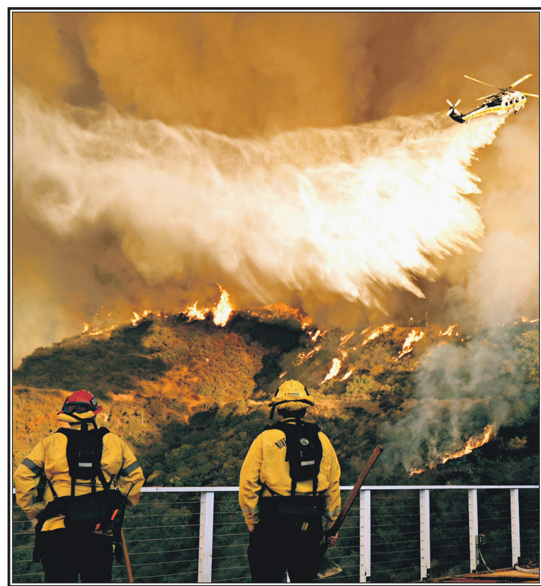
Тушение лесных пожаров в Калифорнии.

Между тем, по данным американских властей, более 24 000 человек уже зарегистрировались для получения федеральной помощи.
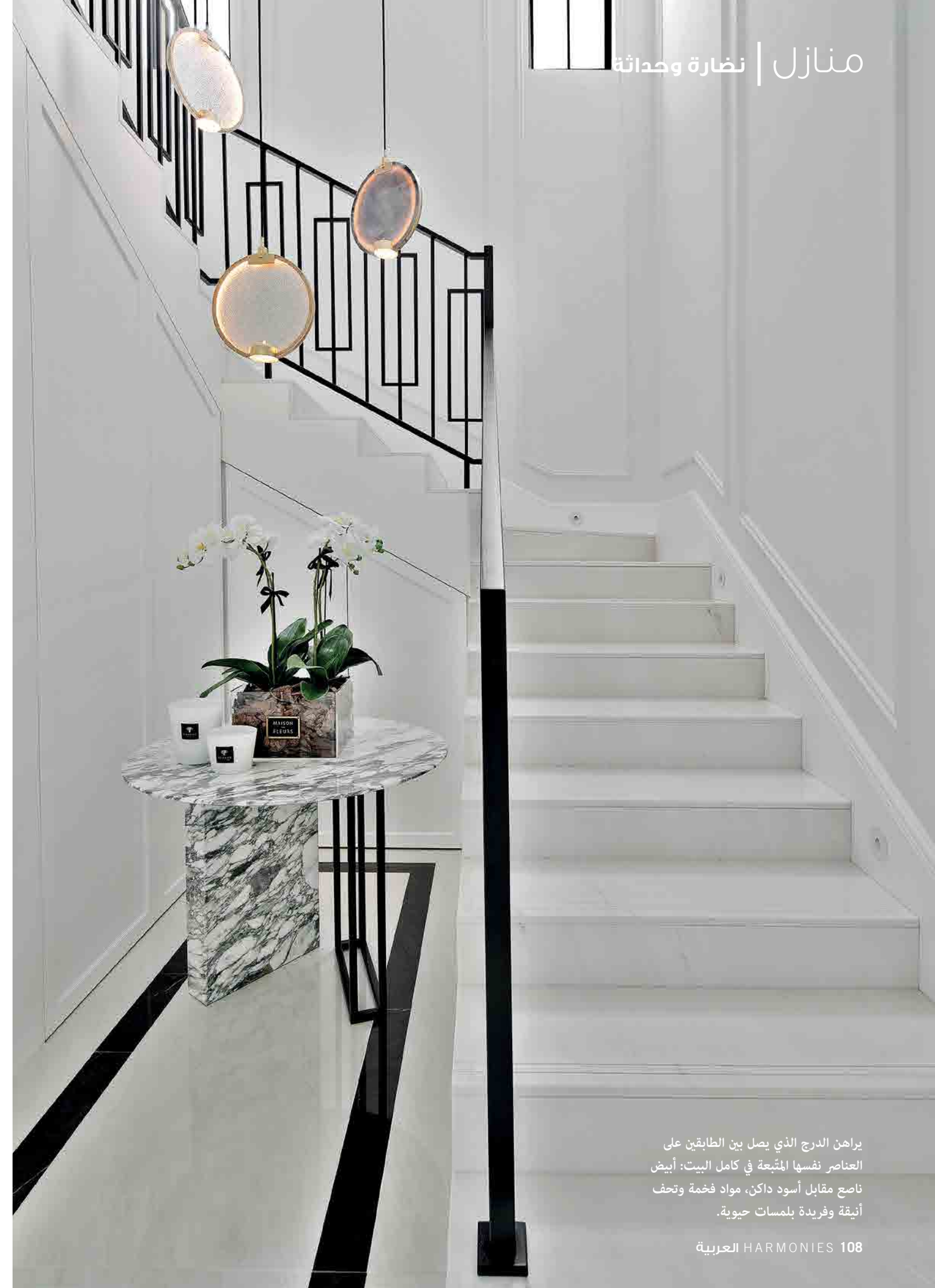
يراهن الدرج الذي يصل بين الطابقين على العناصر نفسها المتبعة في كامل البيت: أبيض ناصع مقابل أسود داكن، مواد فخمة وتحف أنيقة وفريدة بلمسات حيوية.

◆ **Try it**
Since the pictures are not wanted, transcribe the rest of the listing above exactly.

◆ **Exercise answer**
Тушение лесных пожаров в Калифорнии.

Между тем, по данным американских властей, более 24 000 человек уже зарегистрировались для получения федеральной помощи.
يراهن الدرج الذي يصل بين الطابقين على العناصر نفسها المتبعة في كامل البيت: أبيض ناصع مقابل أسود داكن، مواد فخمة وتحف أنيقة وفريدة بلمسات حيوية.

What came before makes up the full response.